▶ [Task statement]:
Among the entries below, only the lines from the one with "Read first year" through the one with "- общая зона с камином в коттедже" are to be retyped, exactly and without pictures.

▶ [The records]:

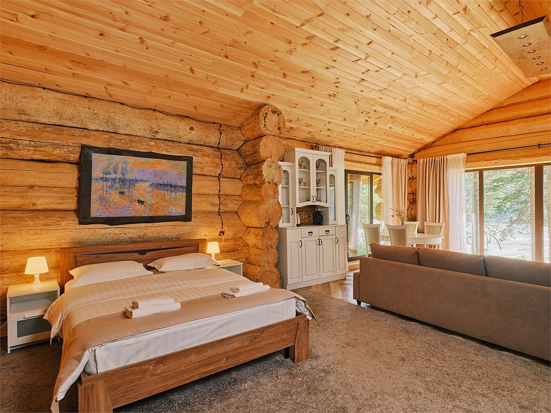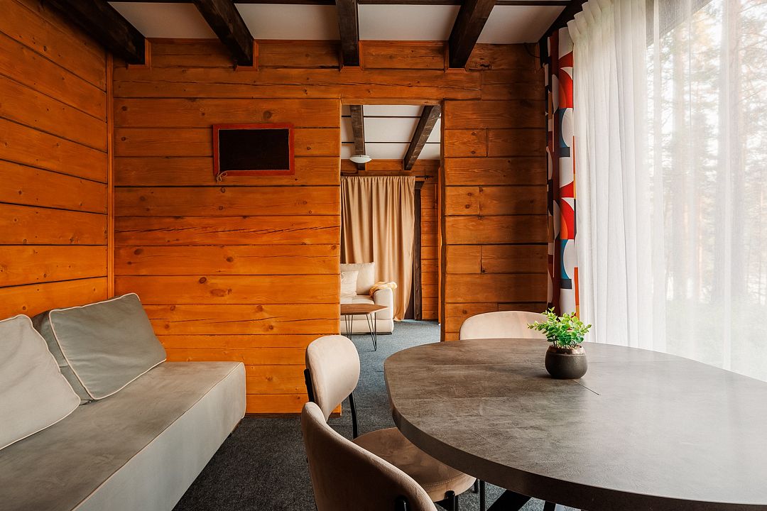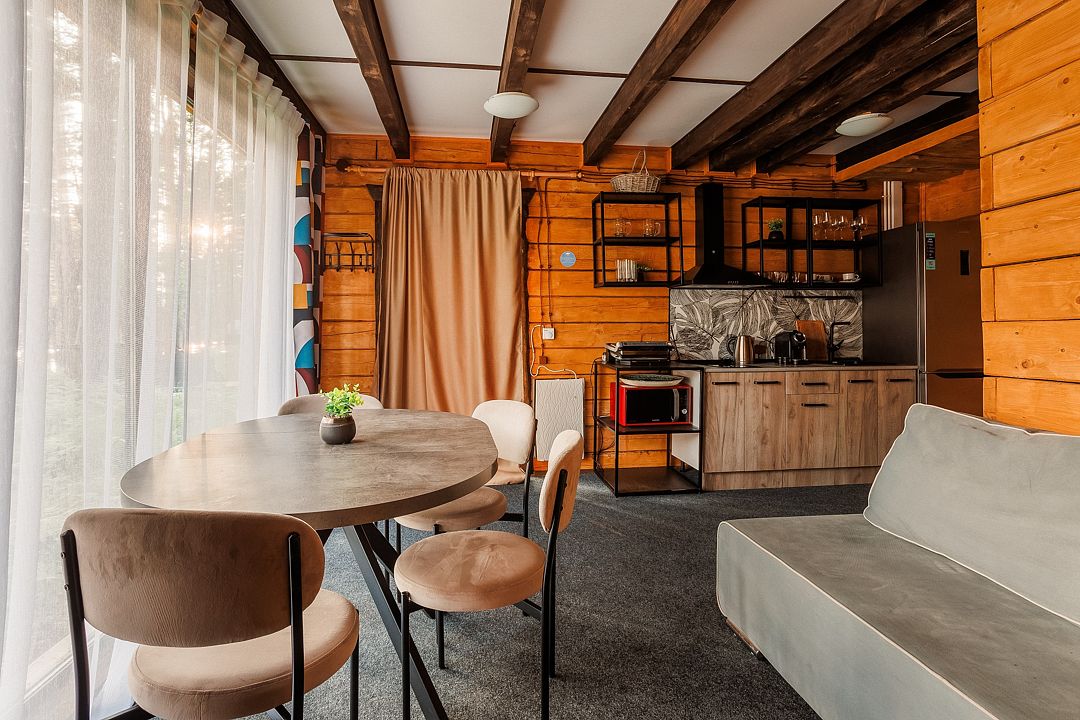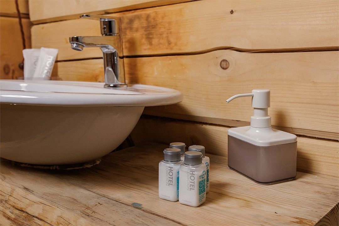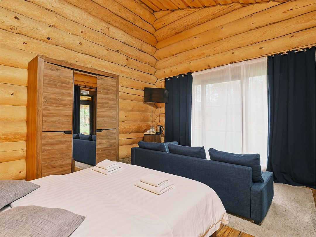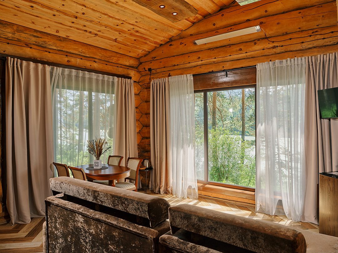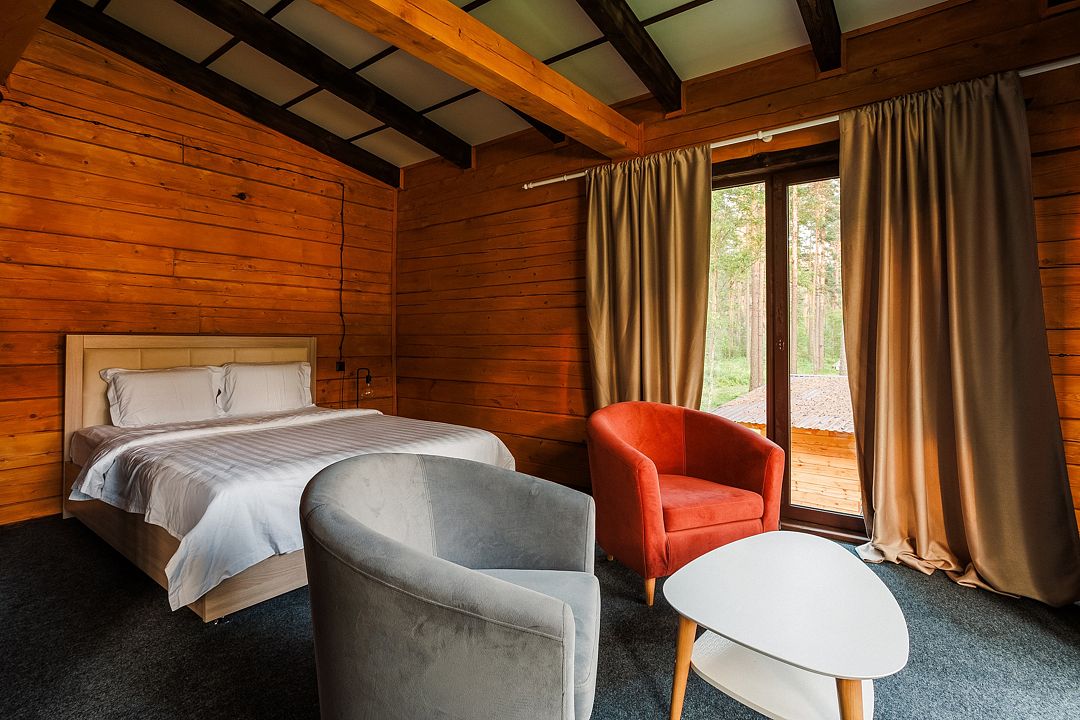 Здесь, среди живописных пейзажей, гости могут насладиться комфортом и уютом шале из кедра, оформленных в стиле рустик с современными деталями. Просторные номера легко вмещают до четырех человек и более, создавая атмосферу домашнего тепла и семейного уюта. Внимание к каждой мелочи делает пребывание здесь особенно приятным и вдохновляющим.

--

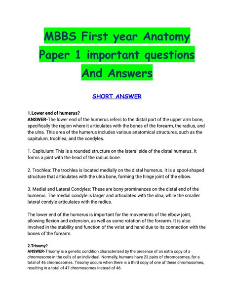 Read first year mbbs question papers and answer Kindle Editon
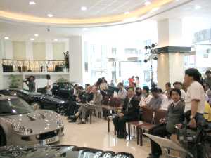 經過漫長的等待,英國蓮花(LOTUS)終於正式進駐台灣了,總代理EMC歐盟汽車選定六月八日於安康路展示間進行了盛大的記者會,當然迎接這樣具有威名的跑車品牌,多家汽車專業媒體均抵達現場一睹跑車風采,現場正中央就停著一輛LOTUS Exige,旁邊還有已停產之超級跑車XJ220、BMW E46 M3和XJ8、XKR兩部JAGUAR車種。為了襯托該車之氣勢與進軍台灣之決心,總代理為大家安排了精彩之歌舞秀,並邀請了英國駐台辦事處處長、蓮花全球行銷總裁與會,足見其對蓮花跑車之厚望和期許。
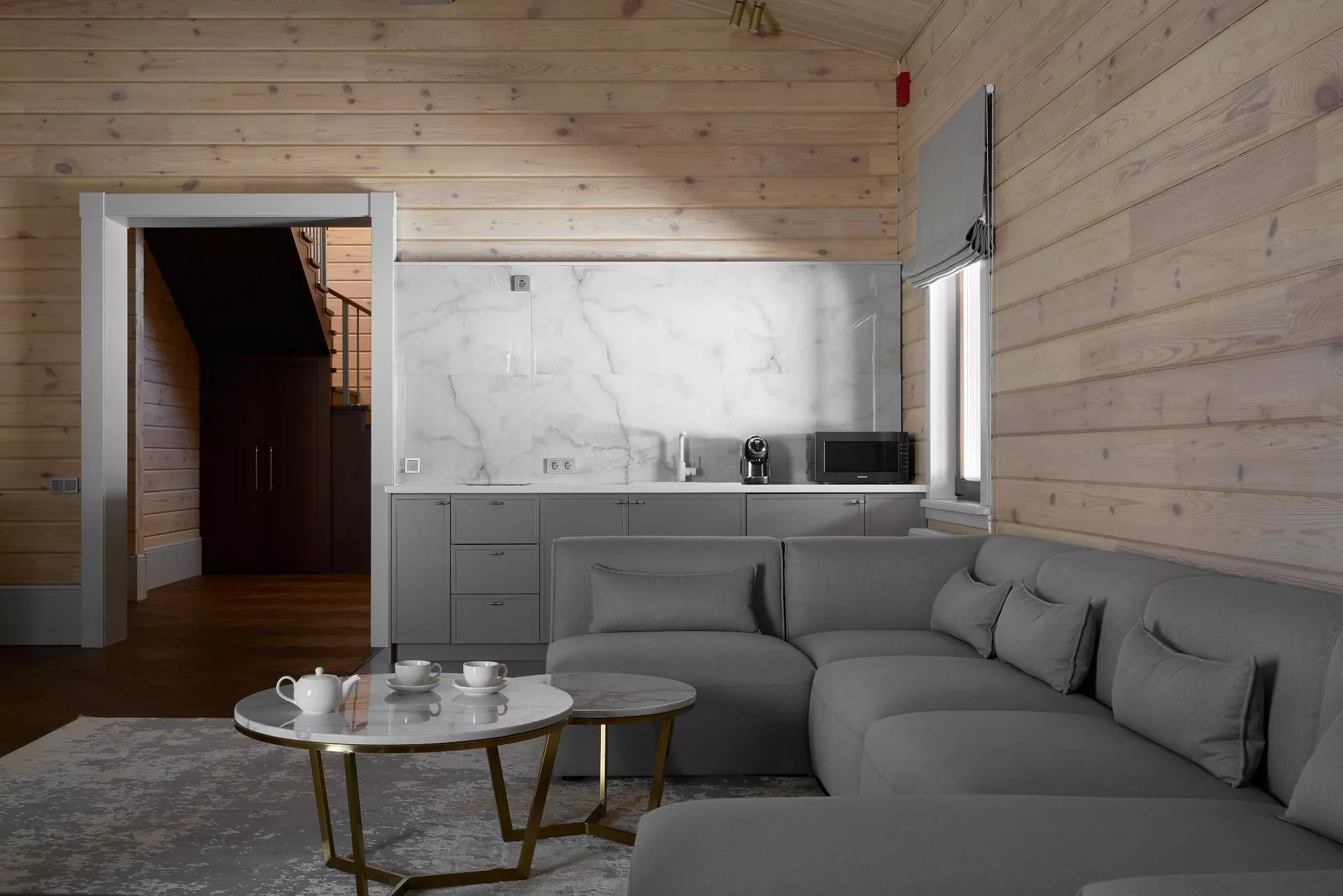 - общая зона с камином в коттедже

▶ [Task solution]:
 Read first year mbbs question papers and answer Kindle Editon
 經過漫長的等待,英國蓮花(LOTUS)終於正式進駐台灣了,總代理EMC歐盟汽車選定六月八日於安康路展示間進行了盛大的記者會,當然迎接這樣具有威名的跑車品牌,多家汽車專業媒體均抵達現場一睹跑車風采,現場正中央就停著一輛LOTUS Exige,旁邊還有已停產之超級跑車XJ220、BMW E46 M3和XJ8、XKR兩部JAGUAR車種。為了襯托該車之氣勢與進軍台灣之決心,總代理為大家安排了精彩之歌舞秀,並邀請了英國駐台辦事處處長、蓮花全球行銷總裁與會,足見其對蓮花跑車之厚望和期許。
 - общая зона с камином в коттедже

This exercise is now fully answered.